Required work
Everything in the data below except the pictures must be repeated word for word.

Supplied data
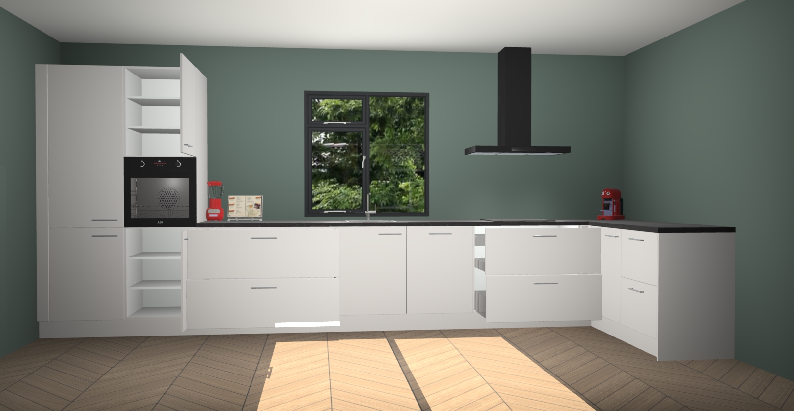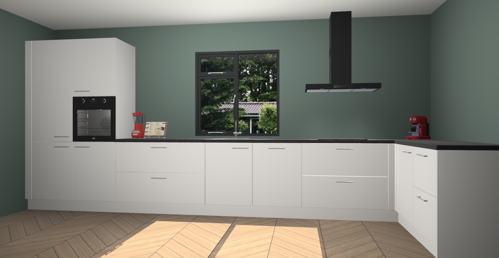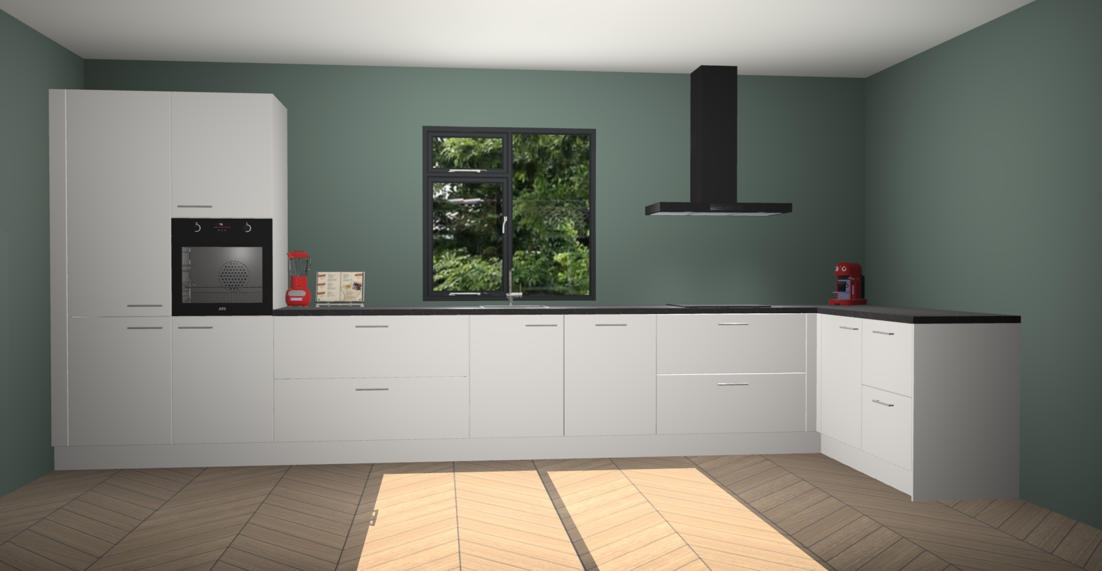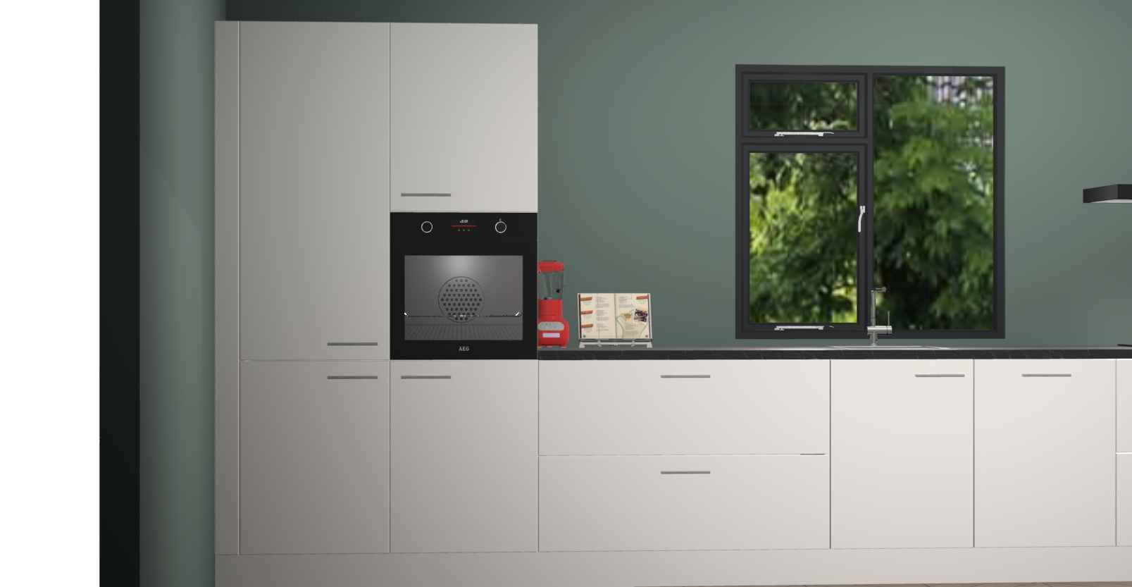 De Zijdegrijze keuken Lille wordt geleverd met vijf inbouwapparaten - een oven, inductiekookplaat, afzuigkap, vaatwasser en koelkast. Maar dat is nog niet alles! Na bestelling kunnen deze apparaten eenvoudig worden geüpgraded naar premium AEG-apparatuur. Bovendien is er zelfs de optie om de oven te vervangen door een combimagnetron of uw inductiekookplaat te vervangen door een kookplaat met geïntegreerde afzuiging.
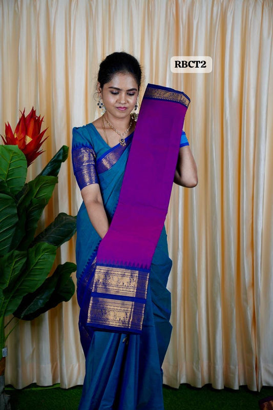Kanchi Cotton Saree purple with neavy blue💜🫶
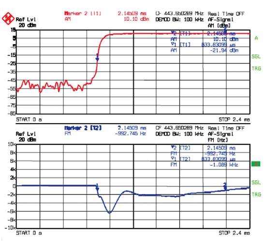 對(duì)于發(fā)射機(jī)和頻綜源來說,它們的幅度、頻率和相位瞬態(tài)特性是重要的測(cè)試指標(biāo)。一般來說,頻率穩(wěn)定時(shí)間是指發(fā)射機(jī)在輸出電平達(dá)到一定數(shù)值(通常為穩(wěn)定輸出功率-30dB)開始,監(jiān)測(cè)FM解調(diào)頻譜,直到頻率穩(wěn)定到設(shè)計(jì)限值之內(nèi)的這一段時(shí)間。
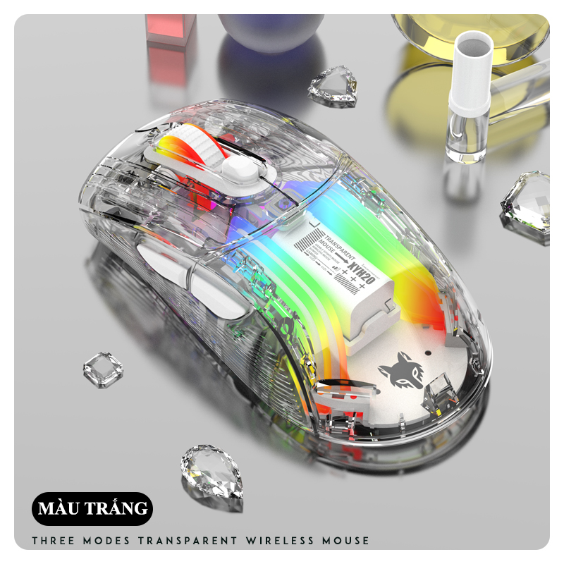 Chuột không dây XUNFOX XYH20 3 chế độ kết nối với thiết kế trong suốt mới lạ kèm theo nhiều chế độ đèn led RGB
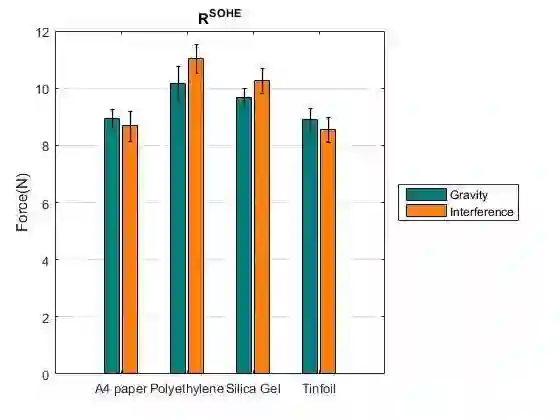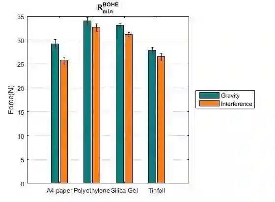 我们通过改变不同尺寸的物体表面材质来测量出对应的抓取模式下能够承受的最大干扰力。实验中一共使用了四种不同的表面材质,分别是普通打印纸质、聚乙烯塑料、硅胶以及锡纸。

Result for this exercise
 De Zijdegrijze keuken Lille wordt geleverd met vijf inbouwapparaten - een oven, inductiekookplaat, afzuigkap, vaatwasser en koelkast. Maar dat is nog niet alles! Na bestelling kunnen deze apparaten eenvoudig worden geüpgraded naar premium AEG-apparatuur. Bovendien is er zelfs de optie om de oven te vervangen door een combimagnetron of uw inductiekookplaat te vervangen door een kookplaat met geïntegreerde afzuiging.
Kanchi Cotton Saree purple with neavy blue💜🫶
 對(duì)于發(fā)射機(jī)和頻綜源來說,它們的幅度、頻率和相位瞬態(tài)特性是重要的測(cè)試指標(biāo)。一般來說,頻率穩(wěn)定時(shí)間是指發(fā)射機(jī)在輸出電平達(dá)到一定數(shù)值(通常為穩(wěn)定輸出功率-30dB)開始,監(jiān)測(cè)FM解調(diào)頻譜,直到頻率穩(wěn)定到設(shè)計(jì)限值之內(nèi)的這一段時(shí)間。
 Chuột không dây XUNFOX XYH20 3 chế độ kết nối với thiết kế trong suốt mới lạ kèm theo nhiều chế độ đèn led RGB
 我们通过改变不同尺寸的物体表面材质来测量出对应的抓取模式下能够承受的最大干扰力。实验中一共使用了四种不同的表面材质,分别是普通打印纸质、聚乙烯塑料、硅胶以及锡纸。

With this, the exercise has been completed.